Sky 1 Pty Ltd v GDK Developments Pty Ltd

Case

[2005] QSC 391

23 December 2005


SUPREME COURT OF QUEENSLAND

CITATION:

Sky 1 Pty Ltd v GDK Developments Pty Ltd [2005] QSC 391

PARTIES:

SKY 1  PTY LTD (ACN 109 799 162)
(applicant)
v
GDK DEVELOPMENTS PTY LTD (ACN 107 237 114)
(respondent)

FILE NO:

BS7653 of 2005

DIVISION:

Trial Division

PROCEEDING:

Originating application

DELIVERED ON:

23 December 2005

DELIVERED AT:

Brisbane

HEARING DATE:

6 December 2005

JUDGE:

Mullins J

ORDER:

It is declared that the contract dated 17 July 2004 between the applicant as purchaser and the respondent as vendor for the sale by the respondent to the applicant of part of Lot 4 on RP180881 in the County of Churchill Parish of Tarampa, being described as Lots 11, 12, 13, 14, 15, 16, 25 and 26 Prospect Street, Lowood, was not validly terminated by the respondent on 22 August 2005.

CATCHWORDS:

CONTRACTS – GENERAL CONTRACTUAL PRINCIPLES – ILLEGAL AND VOID CONTRACTS – EFFECT OF ILLEGALITY OR INVALIDITY – severance – where clause providing for payment of part deposit was meaningless – where deposit was to be only 2 percent of purchase price – where contract was a commercial  transaction – whether parties intended contract to have effect when no effect could be given to clause providing for payment of balance of deposit – where meaningless clause severed from contract and contract continued to subsist

Brien v Dwyer (1978) 141 CLR 378
Fitzgerald v Masters (1956) 95 CLR 420
Howe v Smith (1884) 27 Ch D 89
Laybutt v Amoco Australia Pty Ltd (1974) 132 CLR 57
Whitlock v Brew (1968) 118 CLR 445

COUNSEL:

SJ English for the applicant
MJ Byrne for the respondent

SOLICITORS:

Baker Johnson Lawyers – Gold Coast for the applicant
A Ahmed and Company for the respondent

  1. MULLINS J:  The applicant is the purchaser under a contract dated 17 July 2004 pursuant to which the respondent as the vendor has agreed to sell part of existing Lot 4 on RP 180881 in the County of Churchill Parish of Tarampa, described as Lots 11, 12, 13, 14, 15, 16, 25 and 26 Prospect Street, Lowood.  The contract required the respondent to procure the registration of the relevant plan of subdivision that would produce the 8 lots specified in the contract, without containing the usual elaborate conditions regulating the obligation of a vendor who is undertaking a subdivision that is a pre-condition for completion of the contract.

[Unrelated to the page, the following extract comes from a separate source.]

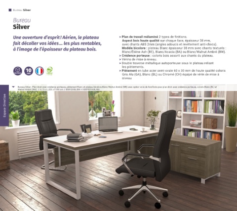 Bureau Silver : Plan droit avec crédence porteuse, piètement Blanc et plateau bicolore Blanc/Walnut Ambré (WB) avec option voile de fond bois pour plan droit avec crédence porteuse, coloris Blanc (BL) et

  1. The contact is in the REIQ form of Contract for Houses and Land (5th edition) and incorporates the standard terms of contract. 

  1. The purchase price under the contract is $625,000.  The contract provides for the payment of a deposit of $800 and a further deposit in accordance with special condition 5.  Special conditions 5 and 6 provide:

“5.A further $500 per block is payable on disclosure documents with the balance of deposit of 2% is payable 60 days prior to agreed registration date, as confirmed by the local council authorities, and the seller and buyer agree it is not payable before the 10th December 2004.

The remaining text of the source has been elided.